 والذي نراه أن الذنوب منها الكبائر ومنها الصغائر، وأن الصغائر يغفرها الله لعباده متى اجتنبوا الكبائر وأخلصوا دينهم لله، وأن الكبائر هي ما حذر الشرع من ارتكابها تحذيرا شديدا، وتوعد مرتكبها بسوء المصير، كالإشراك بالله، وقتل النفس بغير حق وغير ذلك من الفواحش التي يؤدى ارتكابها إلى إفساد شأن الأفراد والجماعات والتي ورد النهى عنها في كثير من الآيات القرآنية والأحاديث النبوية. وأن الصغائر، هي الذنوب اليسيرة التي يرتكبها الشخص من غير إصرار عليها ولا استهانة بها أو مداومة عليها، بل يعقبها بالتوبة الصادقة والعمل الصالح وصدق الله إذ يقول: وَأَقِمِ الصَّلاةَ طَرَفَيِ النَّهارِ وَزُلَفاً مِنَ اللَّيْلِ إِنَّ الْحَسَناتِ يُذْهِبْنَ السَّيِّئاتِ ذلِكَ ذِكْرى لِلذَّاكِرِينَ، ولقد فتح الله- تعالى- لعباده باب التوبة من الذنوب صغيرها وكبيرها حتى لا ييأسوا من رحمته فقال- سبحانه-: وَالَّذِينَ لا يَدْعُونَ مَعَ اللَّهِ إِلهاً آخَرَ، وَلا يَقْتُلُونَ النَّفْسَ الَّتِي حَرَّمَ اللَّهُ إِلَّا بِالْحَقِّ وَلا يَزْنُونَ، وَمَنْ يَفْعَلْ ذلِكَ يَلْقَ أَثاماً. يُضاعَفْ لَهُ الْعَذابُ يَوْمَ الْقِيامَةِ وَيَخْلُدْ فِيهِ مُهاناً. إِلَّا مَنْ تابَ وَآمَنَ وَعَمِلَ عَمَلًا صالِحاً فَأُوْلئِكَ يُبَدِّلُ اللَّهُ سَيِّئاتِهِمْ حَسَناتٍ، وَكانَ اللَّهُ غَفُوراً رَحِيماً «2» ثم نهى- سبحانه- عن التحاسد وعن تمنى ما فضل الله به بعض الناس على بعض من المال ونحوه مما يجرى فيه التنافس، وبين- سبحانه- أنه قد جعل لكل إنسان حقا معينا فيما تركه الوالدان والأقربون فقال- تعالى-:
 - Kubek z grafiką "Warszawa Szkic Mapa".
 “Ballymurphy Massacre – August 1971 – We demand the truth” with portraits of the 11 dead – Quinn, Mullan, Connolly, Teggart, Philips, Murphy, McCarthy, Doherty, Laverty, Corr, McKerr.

--

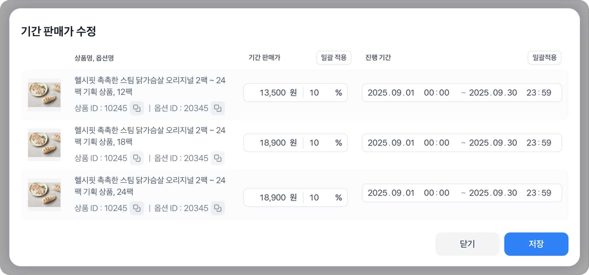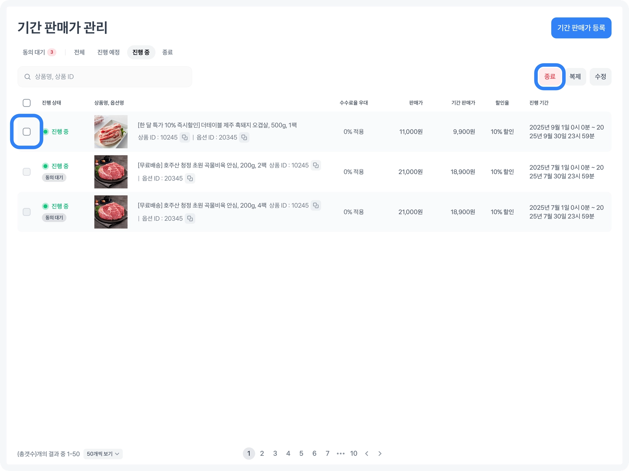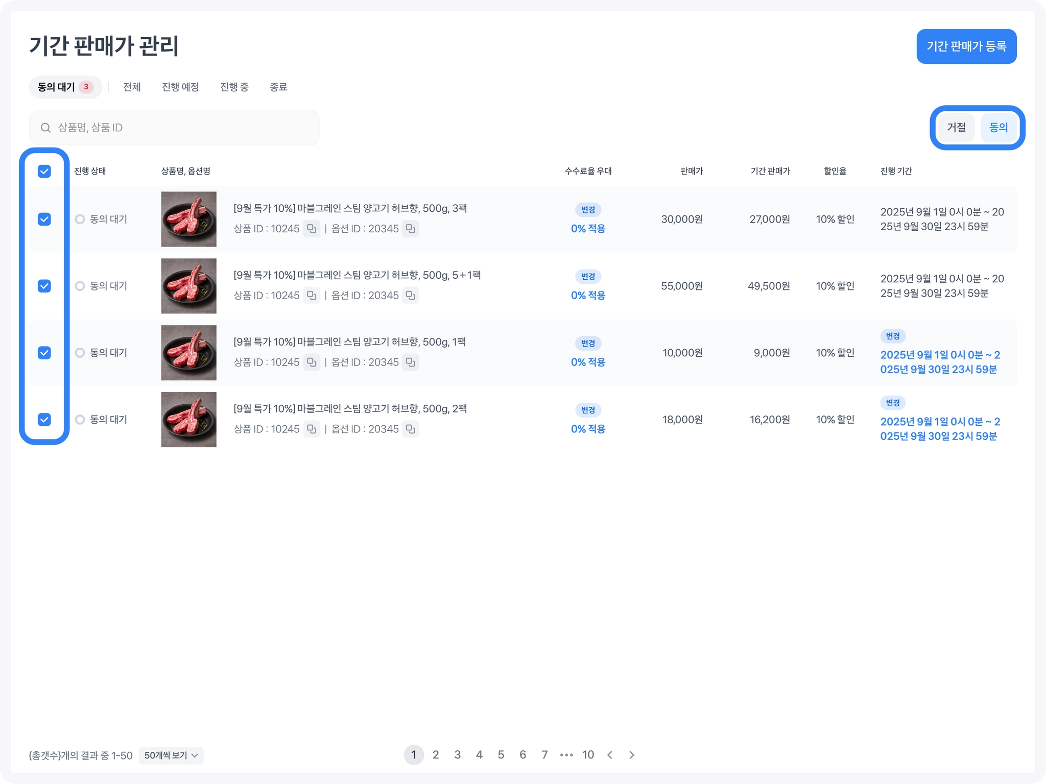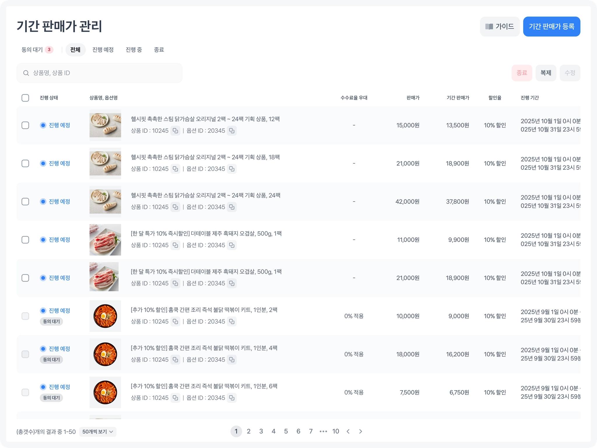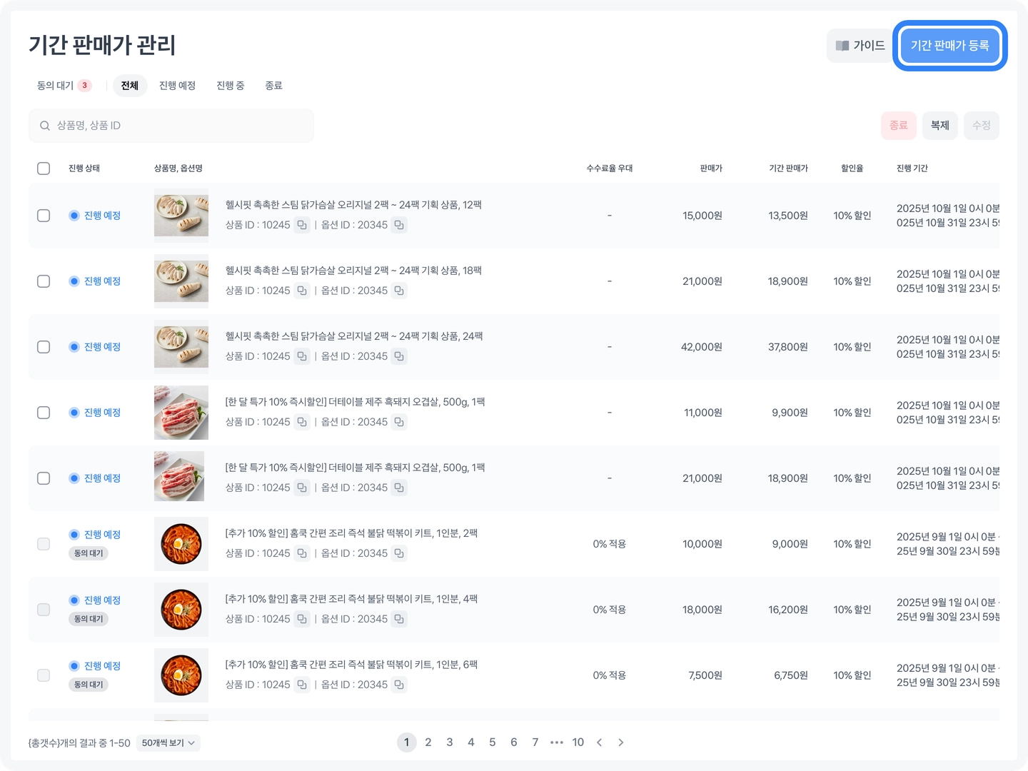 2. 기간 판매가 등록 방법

WHAT IS REQUIRED → What you return must be an exact retyping of the lines above starting at the line with "والذي نراه أن" and ending at the line with "Laverty, Corr, McKerr.", and nothing besides.

WRITTEN SOLUTION →
 والذي نراه أن الذنوب منها الكبائر ومنها الصغائر، وأن الصغائر يغفرها الله لعباده متى اجتنبوا الكبائر وأخلصوا دينهم لله، وأن الكبائر هي ما حذر الشرع من ارتكابها تحذيرا شديدا، وتوعد مرتكبها بسوء المصير، كالإشراك بالله، وقتل النفس بغير حق وغير ذلك من الفواحش التي يؤدى ارتكابها إلى إفساد شأن الأفراد والجماعات والتي ورد النهى عنها في كثير من الآيات القرآنية والأحاديث النبوية. وأن الصغائر، هي الذنوب اليسيرة التي يرتكبها الشخص من غير إصرار عليها ولا استهانة بها أو مداومة عليها، بل يعقبها بالتوبة الصادقة والعمل الصالح وصدق الله إذ يقول: وَأَقِمِ الصَّلاةَ طَرَفَيِ النَّهارِ وَزُلَفاً مِنَ اللَّيْلِ إِنَّ الْحَسَناتِ يُذْهِبْنَ السَّيِّئاتِ ذلِكَ ذِكْرى لِلذَّاكِرِينَ، ولقد فتح الله- تعالى- لعباده باب التوبة من الذنوب صغيرها وكبيرها حتى لا ييأسوا من رحمته فقال- سبحانه-: وَالَّذِينَ لا يَدْعُونَ مَعَ اللَّهِ إِلهاً آخَرَ، وَلا يَقْتُلُونَ النَّفْسَ الَّتِي حَرَّمَ اللَّهُ إِلَّا بِالْحَقِّ وَلا يَزْنُونَ، وَمَنْ يَفْعَلْ ذلِكَ يَلْقَ أَثاماً. يُضاعَفْ لَهُ الْعَذابُ يَوْمَ الْقِيامَةِ وَيَخْلُدْ فِيهِ مُهاناً. إِلَّا مَنْ تابَ وَآمَنَ وَعَمِلَ عَمَلًا صالِحاً فَأُوْلئِكَ يُبَدِّلُ اللَّهُ سَيِّئاتِهِمْ حَسَناتٍ، وَكانَ اللَّهُ غَفُوراً رَحِيماً «2» ثم نهى- سبحانه- عن التحاسد وعن تمنى ما فضل الله به بعض الناس على بعض من المال ونحوه مما يجرى فيه التنافس، وبين- سبحانه- أنه قد جعل لكل إنسان حقا معينا فيما تركه الوالدان والأقربون فقال- تعالى-:
 - Kubek z grafiką "Warszawa Szkic Mapa".
 “Ballymurphy Massacre – August 1971 – We demand the truth” with portraits of the 11 dead – Quinn, Mullan, Connolly, Teggart, Philips, Murphy, McCarthy, Doherty, Laverty, Corr, McKerr.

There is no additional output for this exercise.